Methods— We conducted a randomized controlled trial in 285 patients with recent transient ischemic attack or stroke to examine the effect of lowering tHcy with folic acid 2 mg, vitamin B₁₂ 0.5 mg, and vitamin B₆ 25 mg compared with placebo on laboratory markers of vascular inflammation, endothelial dysfunction, and hypercoagulability.

Results— At 6 months after randomization, there was no significant difference in blood concentrations of markers of vascular inflammation (high-sensitivity C-reactive protein [P=0.32]; soluble CD40L [P=0.33]; IL-6 [P=0.77]), endothelial dysfunction (vascular cell adhesion molecule-1 [P=0.27]; intercellular adhesion molecule-1 [P=0.08]; von Willebrand factor [P=0.92]), and hypercoagulability (P-selectin [P=0.33]; prothrombin fragment 1 and 2 [P=0.81]; D-dimer [P=0.88]) among patients assigned vitamin therapy compared with placebo despite a 3.7-µmol/L (95% CI, 2.7 to 4.7) reduction in total homocysteine (tHcy).

Conclusions— Lowering tHcy by 3.7 µmol/L with folic acid-based multivitamin therapy does not significantly reduce blood concentrations of the biomarkers of inflammation, endothelial dysfunction, or hypercoagulability measured in our study.

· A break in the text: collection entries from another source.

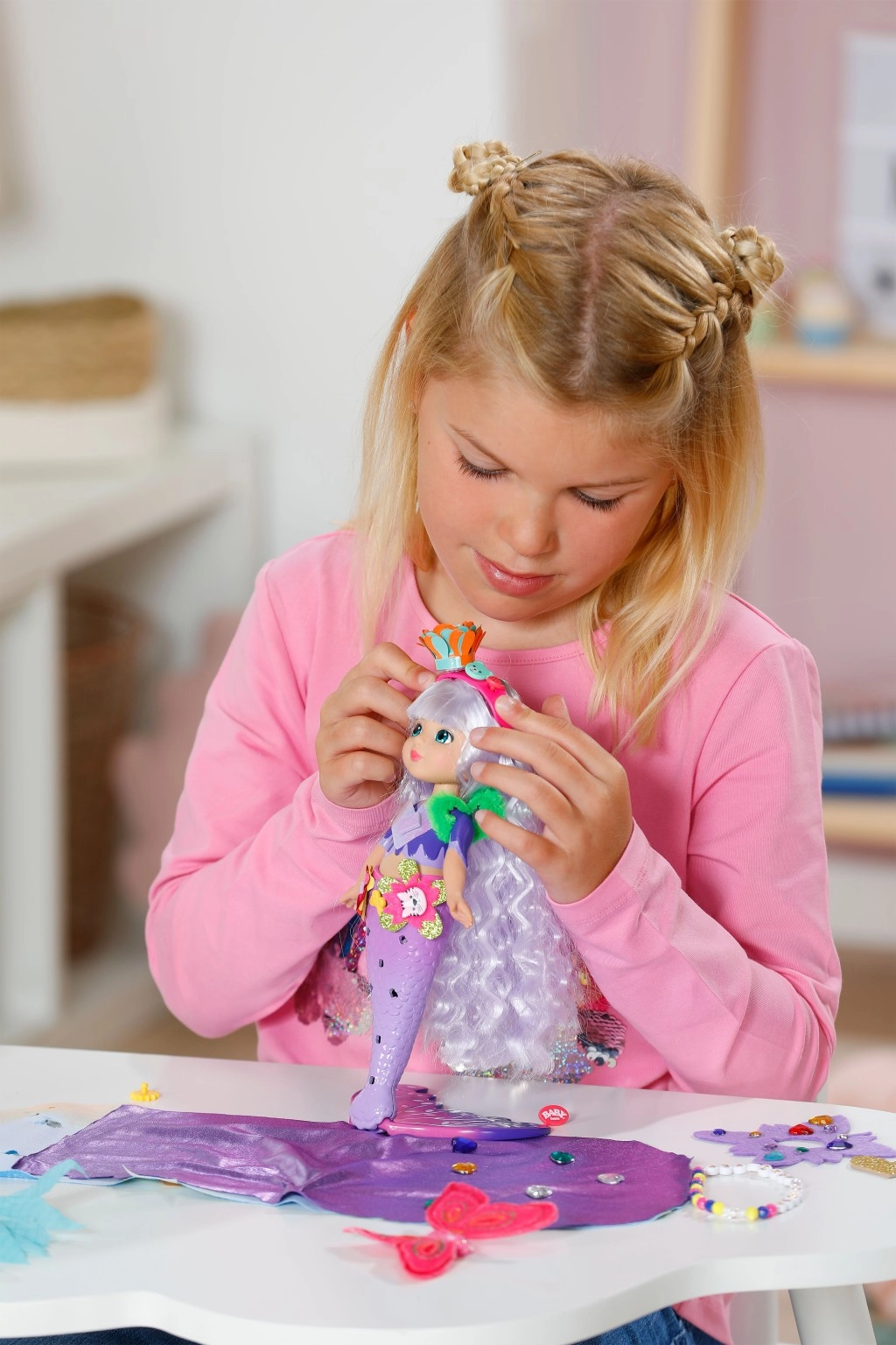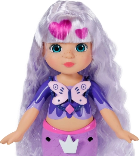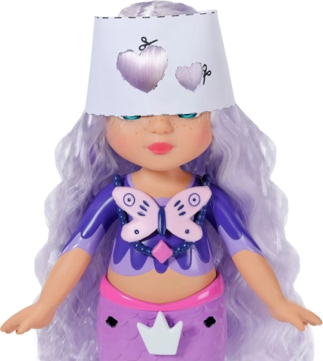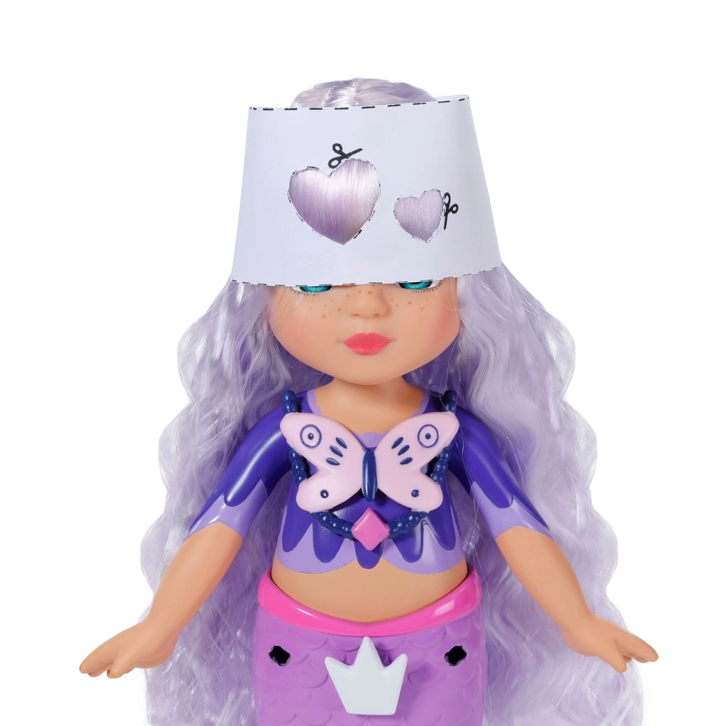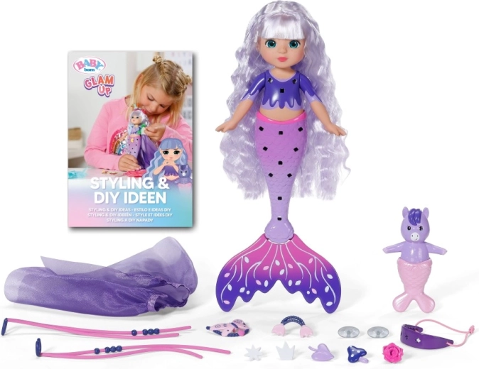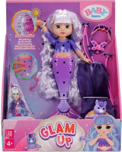 Descoperă lumea creativității cu păpușa BABY born sirenă Aura din gama Glam Up. Datorită efectului UV magic, părul ei lung mov își schimbă culoarea la soare, în timp ce o poți pieptăna, decora și coafa din cap până la coadă. În pachet găsești accesorii textile, decorațiuni colorate cu clips, un prieten animal drăgălaș și un jurnal plin de inspirație – în fiecare zi ia naștere un look nou și original.
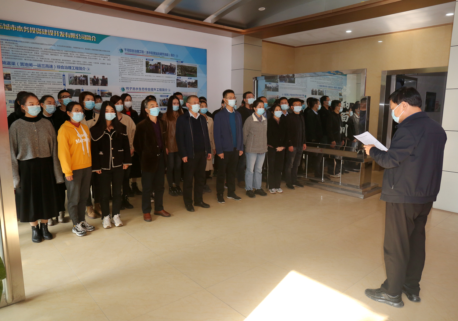 公司董事長(zhǎng)兼總經(jīng)理崔作銘作出重要講話,對(duì)我公司全體人員提出三點(diǎn)要求:一是要提高認(rèn)識(shí),擔(dān)責(zé)克難;二是要強(qiáng)化執(zhí)行,真演真練;三是要堅(jiān)持不懈,抓常抓長(zhǎng)。要求我公司人員要牢固樹立防范重于處置的理念,變被動(dòng)應(yīng)對(duì)為超前防范,做好秋冬季疫情防控工作,把風(fēng)險(xiǎn)因素降到最低程度,為公司經(jīng)營(yíng)發(fā)展做大做強(qiáng)創(chuàng)造穩(wěn)定的環(huán)境。
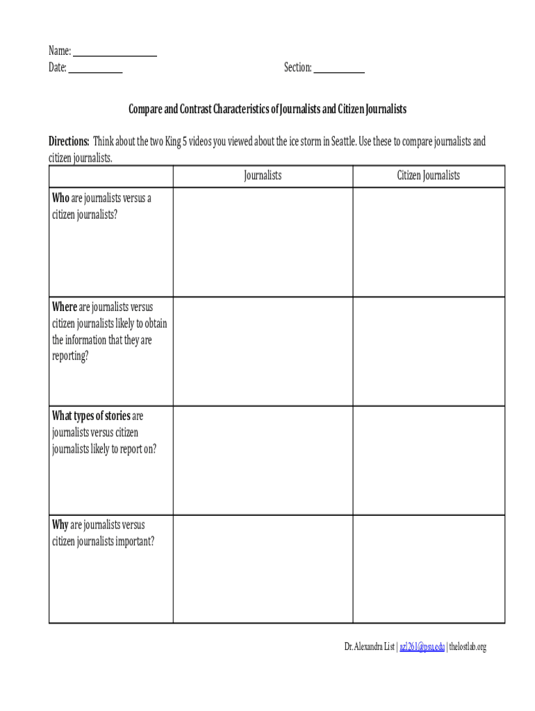 Name: ___ Date: ___Section: ___Compare and Contrast Characteristics of Journalists and Citizen Journalists Directions: Think about the two King 5 videos you viewed about the ice storm in Seattle.

The possible explanations for our findings are: (1) these biomarkers are not sensitive to the effects of lowering tHcy (eg, multiple risk factor interventions may be required); (2) elevated tHcy causes cardiovascular disease by mechanisms other than the biomarkers measured; or (3) elevated tHcy is a noncausal marker of increased vascular risk.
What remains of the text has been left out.